Instant Runoff fails to elect "most acceptable" candidate (who also happens to be a "beats-all" winner)

By Dave Ketchum (with light editing by W.D. Smith)

Governing magazine published a piece (7 Feb 2008) about Instant Runoff Voting containing many inaccurate claims. Here Ketchum refutes one of their more egregious errors.

The article's claim that Instant Runoff (IRV) elects "the person who is acceptable to the largest number of people" is false. (That would, however, have been a correct description of approval voting.)

Here is a counterexample:

#voterstheir voteExplanation 35H>W>CThey would like to live where it is HOT 33C>W>HThey would like to live where it is COLD 32W>others They like WARM, but neither HOT nor COLD


IRV will discard the WARM voters and declare: A majority of those we are still counting like HOT, so HOT wins.
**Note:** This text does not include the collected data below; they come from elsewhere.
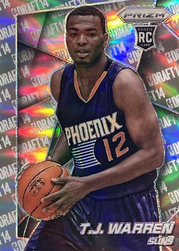 This card is 1 of 37 TJ Warren's card variations in the 2014 Prizm set being tracked by Sports Card Investor, including Base, Blue Green Mosaic, Blue Mojo, Blue Wave, and Green.
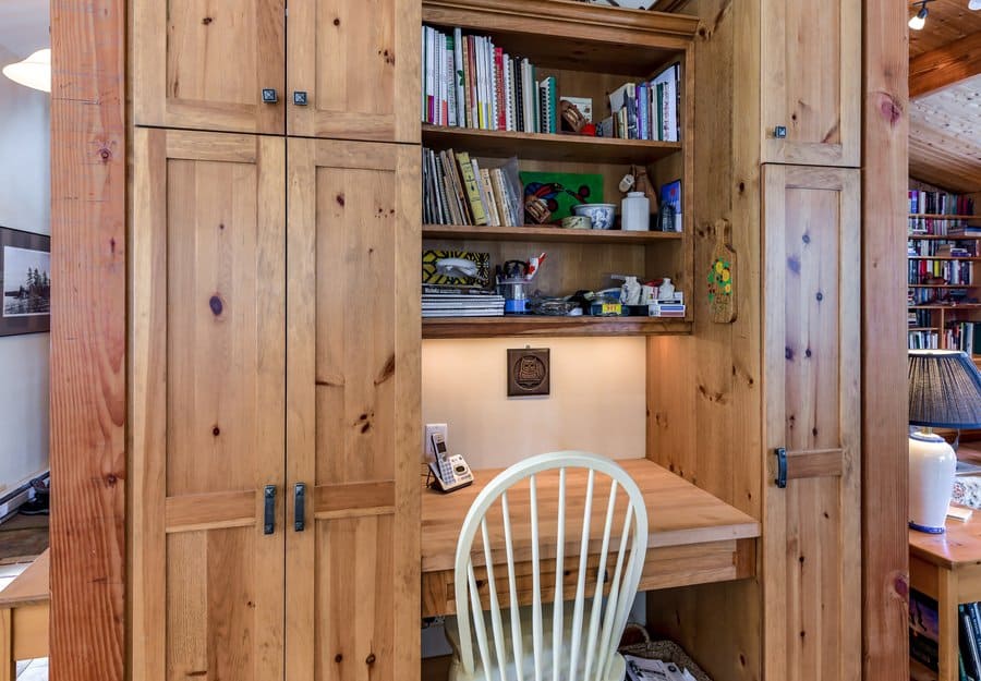 Open to the main kitchen find a beautiful, large, wooden antique dining table that seats 12+. Floor to ceiling, double sided, wood burning, stone fireplace. Enjoy formal dinner parties here or a great time with all of your family in this special space!
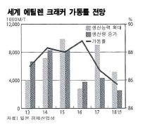 에틸렌(Ethylene) 크래커의 가동률이 2017년 이후 하락할 것이라는 전망이 제기됐다.
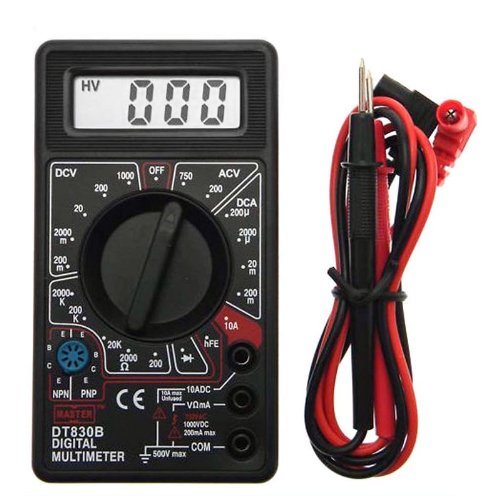 Tester Digitale mod. DT830B amperometro. voltmetro. multimetro Visualizazione digitale LCD Scelta funzioni con commutatore Misurazioni Volt-Ampere-Ohm TENSIONE E CORRENTE: Tensione continua (DCV): +- 0.2% della misurazione + 2 cifre Max: 1000 Vcc Tensione alternata (ACV): +- 2.5% della misurazione + 2 cifre Max: 750 VAc Corrente continua (DCA): +- 2.0% della misurazione + 2 cifre Portata bassa max: 200 mA /Portata alta max:10 A RESISTENZE: Possibilit
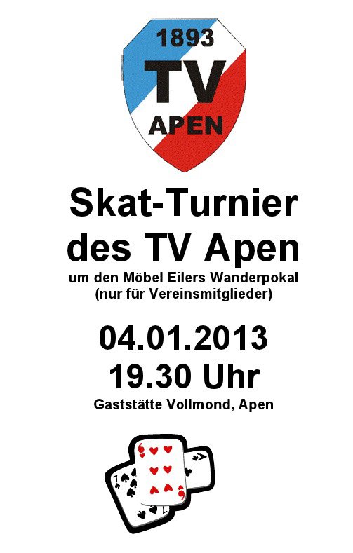 Am kommenden Freitag geht es in der Gaststätte "Vollmond" mal wieder im vereinsinternen Skatturnier um den Möbel-Eilers-Wanderpokal. Start ist um 19.30 Uhr, wie immer können nur Vereinsmitglieder des TV Apen teilnehmen. Gut Blatt!
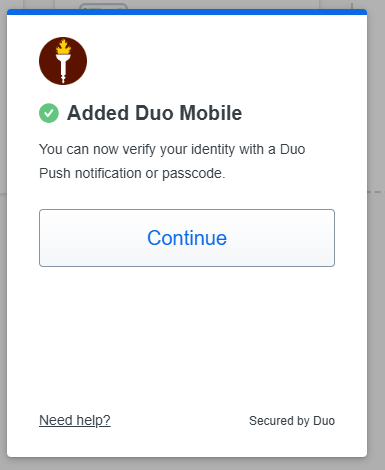 - Your device registration is now complete, and you can start using the Duo Mobile app!
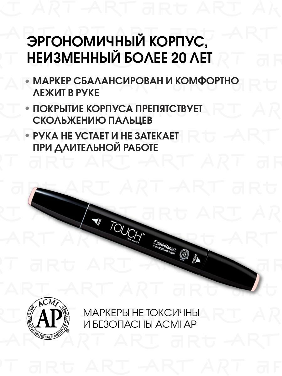 Двусторонний заправляемый маркер ShinHan TOUCH TWIN на спиртовой основе для скетчинга, цвет: RP198 Розовый нежный
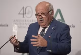 El consejero de Salud y Familias de la Junta de Andalucía, Jesús Aguirre, ha descartado este lunes una posible relajación del uso obligatorio de la mascarilla en espacios abiertos como la que está planteando Castilla-La Mancha y ha incidido en que este elemento es "lo que más nos previene aparte de la vacuna" frente a la Covid-19.
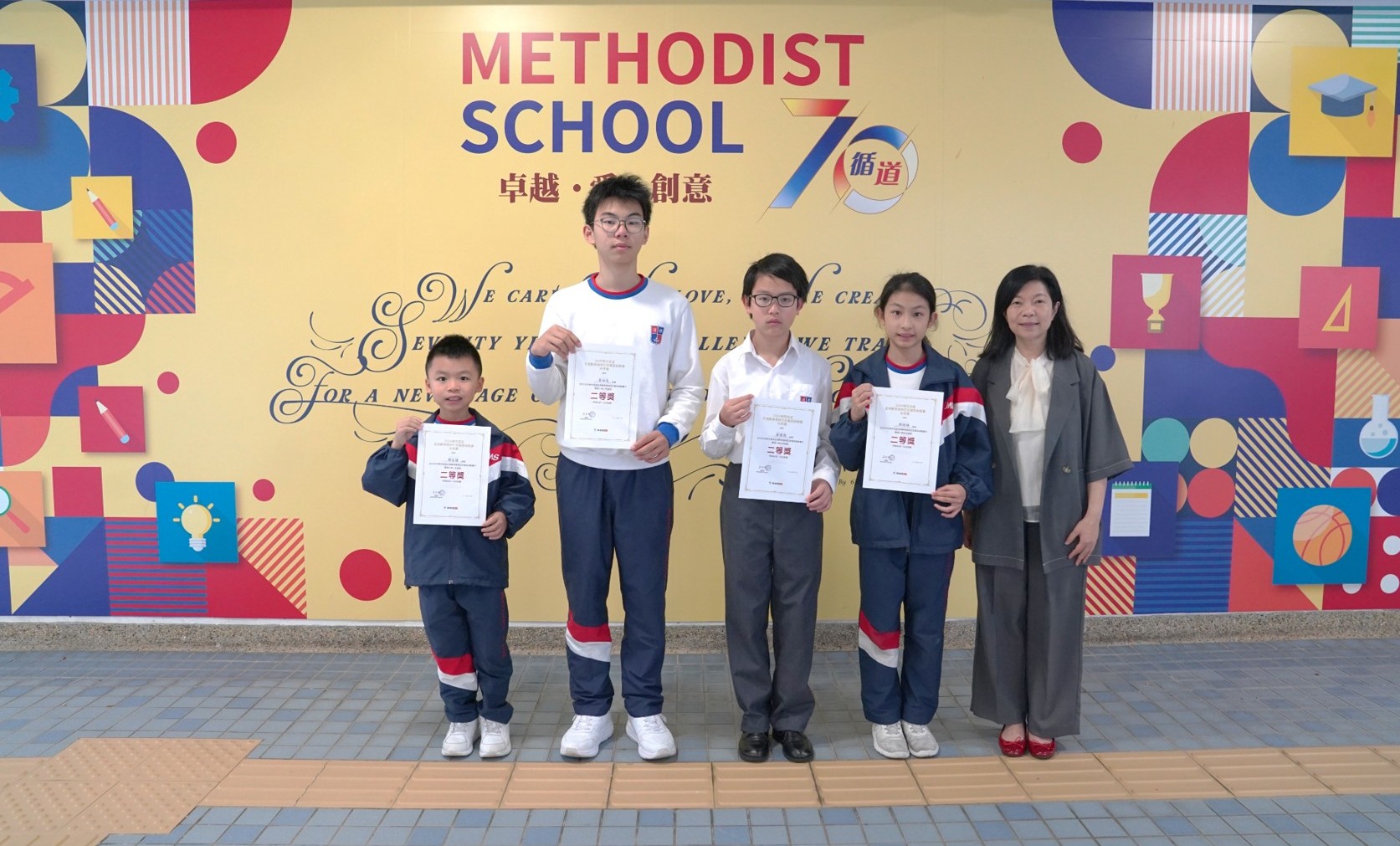 1B楊友謙(小學一年級組_二等獎) 5A黃博聞, 5A鄧雨晞(小學五年級組_二等獎) 6B何承軒,6C易尚恩(小學六年級組_二等獎)
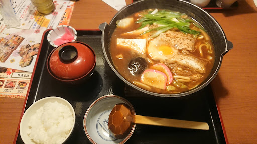 2024/8/23 味噌煮込みうどんがたべたくて、友人を誘って伺いました。 煮込みうどんは 赤味噌と白味噌とカレーの3酒類あります。 彦根出身の友人は白味噌が馴染み深いそうですが、私は味噌煮込みと言えば赤味噌…なので 二人共 赤味噌に決定です。 卵も青ネギも火が通ってないと思ったら コンロの固形燃料に火が点いていて 下からグツグツと煮えてくる。 冷めない工夫が良いですね。 とても具だくさんで、レンコン 干し椎茸 鶏肉 お揚げ豆腐 蒲鉾等 色々入っていて 堅めの麺も とても美味しかったです。
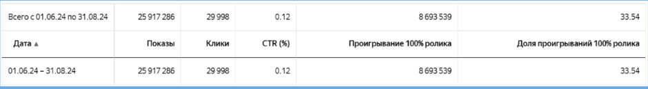 В результате проигрываний ролика было 8 693 539, что составило 33,54% от общего количества показов.
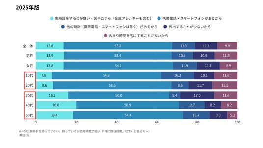 腕時計をあまり身に着けない/持っていない理由<年代別>(n=593)
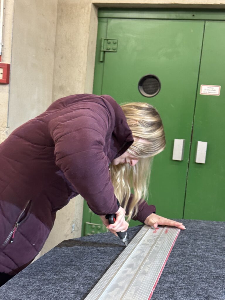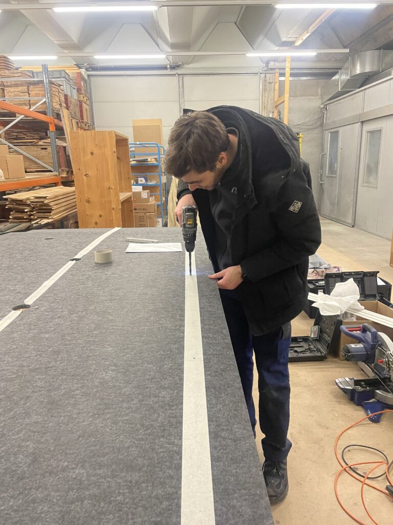 Die Filzplatte liess sich problemlos mit einem normalen Cuttermesser zuschneiden. Die Ausschnitte für die Deckenspots haben wir mit einem Kreisschneider gemacht. Die Schraubenlöcher für die späteren Schränke haben wir vor der Montage exakt vermessen und konnten sie nach dem Einbau punktgenau durch die Filzplatte bohren.
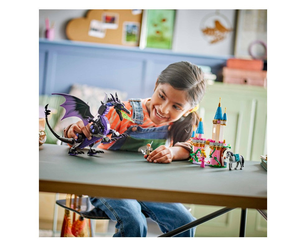 Histórias épicas aguardam crianças e fãs da Bela Adormecida da Disney com mais de 7 anos enquanto criam este conjunto Disney Princess Maleficent's Dragon Form. O conjunto de construção é uma ideia divertida para presente da Disney e tem uma seção de ponte com torres e espaço para uma cama, uma roda giratória e outros iniciadores de brincadeira. Há figuras de miniboneca Disney de Aurora e Príncipe Philip, uma figura de cavalo Samson Disney e uma figura de dragão articulável Disney com cabeça, pernas e cauda móveis, além de asas dobráveis.

So IRV in this example elects HOT, even though the largest number of people (100% in fact) find WARM acceptable. Q.E.D.

Also, note that a 67:33 majority prefer WARM over COLD, and a 65:35 majority prefers WARM over HOT, so surely WARM is the "true majority winner." But nevertheless IRV refuses to elect WARM. That also refutes the commonly-heard claim that IRV "elects true-majority-winners."

The same false claim was repeated in, e.g, this Steven Hill piece "Instant Runoff voting is catching on": the false quote there is "Instant runoff voting ensures that officeholders are elected with a majority of the vote." This myth is traceable to he so-called "Center for Voting and Democracy" (where Hill was a major actor) and unfortunately is often repeated.